Matrix Factorization with Gradient Descend

if("recosystem" %in% rownames(installed.packages()) == FALSE){
  install.packages("recosystem")
}
library(recosystem)
library(SVDApproximation)
## Warning: replacing previous import 'data.table::melt' by 'reshape2::melt'
## when loading 'SVDApproximation'
## Warning: replacing previous import 'data.table::dcast' by 'reshape2::dcast'
## when loading 'SVDApproximation'
set.seed(1)
in_train <- rep(TRUE, nrow(ratings))
in_train[sample(1:nrow(ratings), size = round(0.2 * length(unique(ratings$user)), 0) * 5)] <- FALSE

ratings_train <- ratings[(in_train)]
ratings_test <- ratings[(!in_train)]

write.table(ratings_train, file = "trainset.txt", sep = " ", row.names = FALSE, col.names = FALSE)
write.table(ratings_test, file = "testset.txt", sep = " ", row.names = FALSE, col.names = FALSE)

r = Reco()

# read in
train_data <- data_file('trainset.txt', index1 = TRUE)
test_data <- data_file('testset.txt', index1 = TRUE)

# tune model, select best tuning parameters
# opts <- r$tune(train_data,
#                 opts = list(dim = c(1:20),
#                             lrate = c(0.05),
#                             nthread = 4,
#                             costp_l1 = c(0, 0.1),
#                             costp_l2 = c(0.01, 0.1),
#                             costq_l1 = c(0, 0.1),
#                             costq_l2 = c(0.01, 0.1),
#                             niter = 200,
#                             nfold = 10,
#                             verbose = FALSE))

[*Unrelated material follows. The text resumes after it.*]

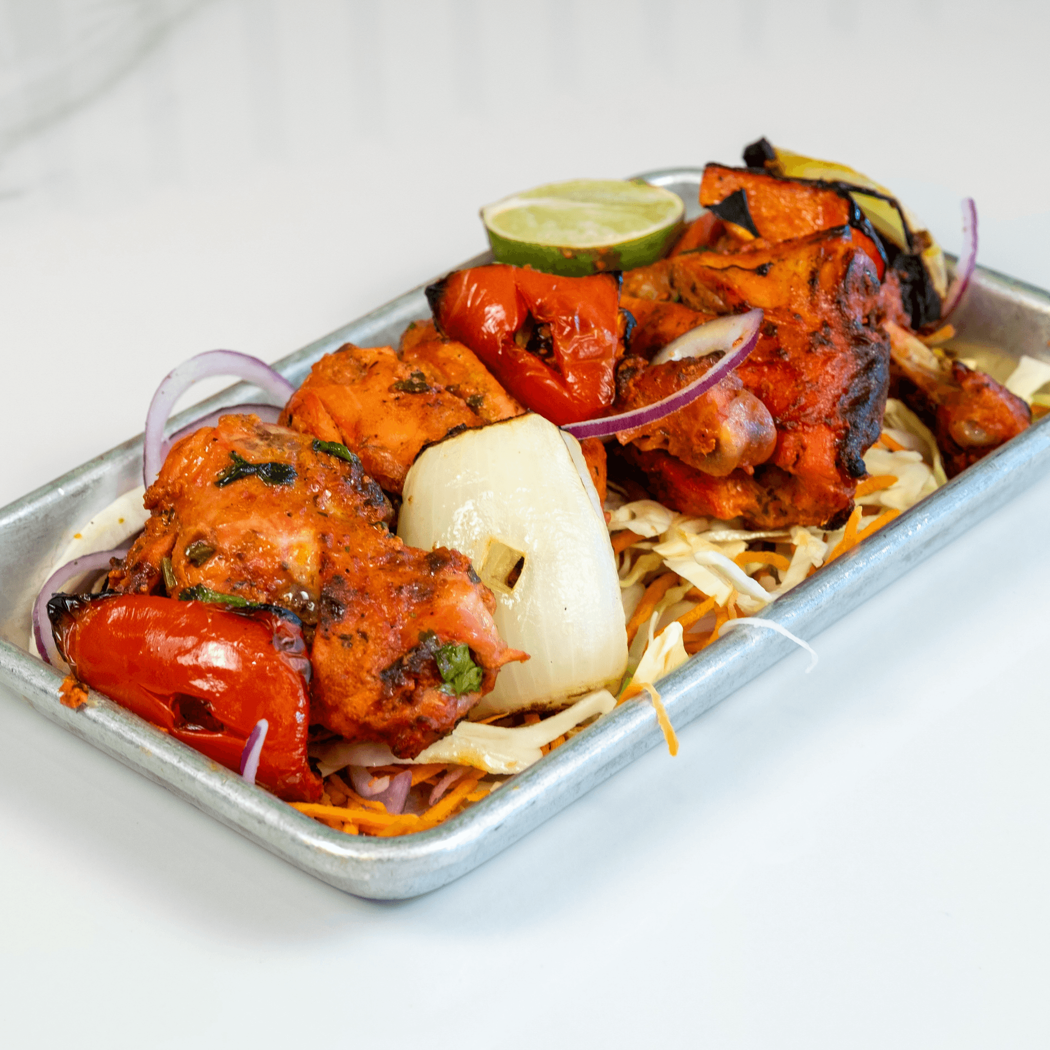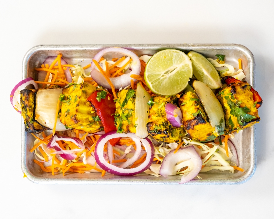 Soft cubes of paneer marinated in spiced yogurt and grilled to smoky perfection. Accompanied with Mint Chutney & Indian style pickled onions

# save(opts, file = 'opts.RData')
attach('opts.RData')

# train model
r$train(train_data, opts = c(opts$min, nthread = 4, niter = 500, verbose = FALSE))

# predict
out_pred = out_file(tempfile())
r$predict(test_data, out_pred)
## prediction output generated at C:\Users\10121760\AppData\Local\Temp\Rtmp6z72J5\file13d544d775d41
scores_real <- read.table('testset.txt', header = FALSE, sep = " ")$V3
scores_pred <- scan(out_pred@dest)

rmse_mf <- sqrt(mean((scores_real-scores_pred) ^ 2))
rmse_mf
## [1] 0.8452224
# predict for the first 20 users on first 20 movies
user = 1:20
movie = 1:20
pred = expand.grid(user = user, movie = movie)
test_set = data_memory(pred$user, pred$movie, index1 = TRUE)
pred$rating = r$predict(test_set, out_memory())

library(ggplot2)
ggplot(pred, aes(x = movie, y = user, fill = rating)) +
    geom_raster() +
    scale_fill_gradient("Rating", low = "#d6e685", high = "#1e6823") +
    xlab("Movie ID") + ylab("User ID") +
    coord_fixed() +
    theme_bw(base_size = 22)

Summary and Finding:

  • Recosystem Was introduced Yu-Chin Juan, Wei-Sheng Chin, Yong Zhuang, Bo-Wen Yuan, Meng-Yuan Yang, and Chih-Jen Lin
  • Built on top of LIBMF
  • Parallel Matrix Factorization
  • Store model in hard disk to reduce memory use
  • Create data source with data_file()